Meine Eltern sind nächstes Jahr 60 Jahre miteinander verheiratet.
Werden sie das noch erleben können? Gemeinsam?
Es ist ein schwieriges Jahr – dieses 2016.
So Viele mussten gehen …
JedeR, die/der jemanden verloren hat, wird wissen, wie schmerzlich das ist.
Ich und meine Familie … wir befinden uns noch im Stadion von Zittern, Bangen und Hoffen …
von Nicht-Wahrhaben-Wollen, Verleugnung, Optimismus und Festhalten … Beten und Glauben.
Alles, was vorher schwierig war, ist auf einmal unwichtig.
Problematisches erscheint vergessen und vergeben …
Die Liebe hat auf einmal alle Kanten ausradiert und milder schraffiert…
Da sind nur die Herzen, die klopfen …
Die Augen, die sich betrachten, Hände, die einander berühren …
Und Gedanken, die man fast spüren kann.
Ich sehe meinen Vater an, und weiß, dass er sich mehr um meine Mutter sorgt, als um sich selbst.
Und ich sehe meine Mutter an, und weiß, dass sie vor Kummer keine Nacht schläft.
Bemerke, wie sie immer schmaler wird, und die Müdigkeit ihr Gesicht zeichnet …

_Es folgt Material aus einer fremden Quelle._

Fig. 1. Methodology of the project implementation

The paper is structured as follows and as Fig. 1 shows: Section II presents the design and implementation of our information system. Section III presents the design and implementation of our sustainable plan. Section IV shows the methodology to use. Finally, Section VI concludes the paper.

Ich schrieb diese ersten Absätze vor fast zwei Wochen, und daran anschließend kamen dann weitere Belastungen dazu.
Meine Mutter brach zusammen und kam ebenfalls ins Krankenhaus, und ich wanderte eine Woche lang zwischen den Stationen hin und her.
Jetzt ist sie wieder zu Hause, fragil, kaum fähig, sich um sich selbst zu kümmern.
Ich bin in Sorge …
In mir ist eine Ohnmacht, dass diese Situation nicht kontrollierbar ist … wir sie alle nur irgendwie hinnehmen müssen und hoffentlich einigermaßen da durch kommen.

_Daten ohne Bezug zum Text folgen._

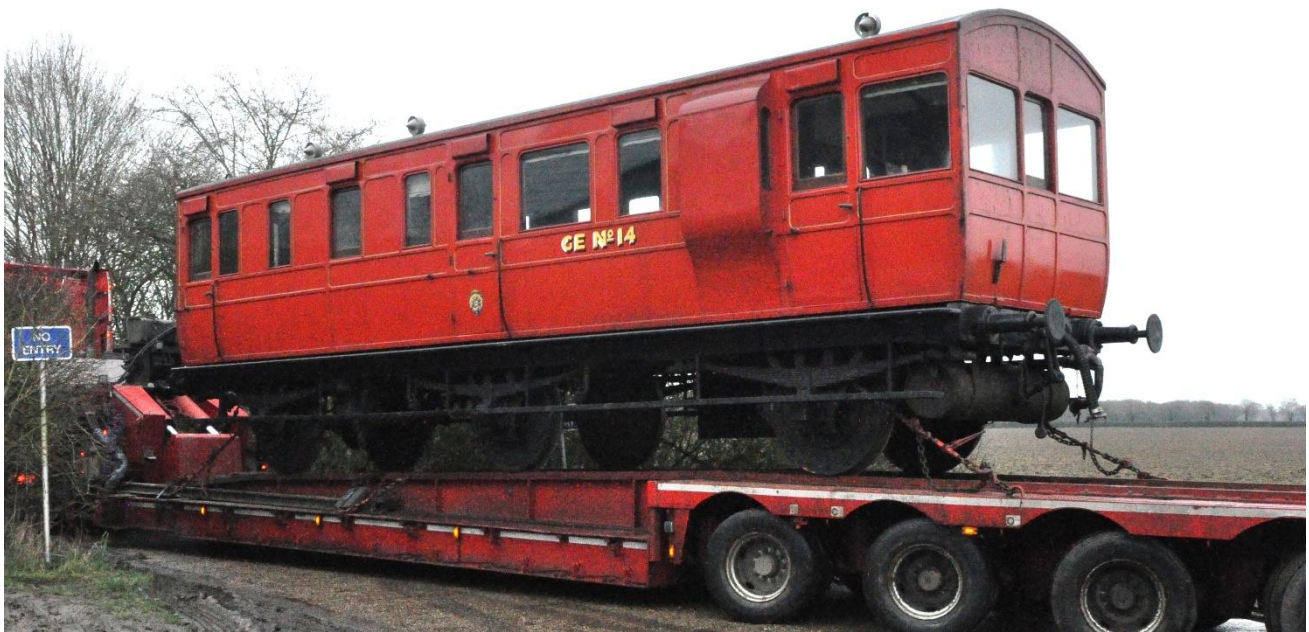
Arrival at Brockford, home of the Middy

The Mid-Suffolk Light Railway has announced the arrival of the historic former Great Eastern Railway Coach number 14, that has been bought by members of the railway.

Ich reagiere stark. Auch körperlich … mit Symptomen.
Versuche, Ruhe in die Situation zu bringen, doch erinnere so vieler Dinge aus meiner Kindheit, die plötzlich in einem Maße angetriggert werden, die meinem erwachsenen Handeln nicht zuträglich sind.
Daneben setze ich mich hin und versuche, wann immer es geht, ein kleines Bildchen zu malen.
Schlüpfe in eine Parallelwelt – ähnlich, wie ich das als Kind getan habe.
Doch ich merke, wie ich dort zur Ruhe komme, der Spannungsbogen nachlässt und ich das Malen fast wie eine Meditation empfinde.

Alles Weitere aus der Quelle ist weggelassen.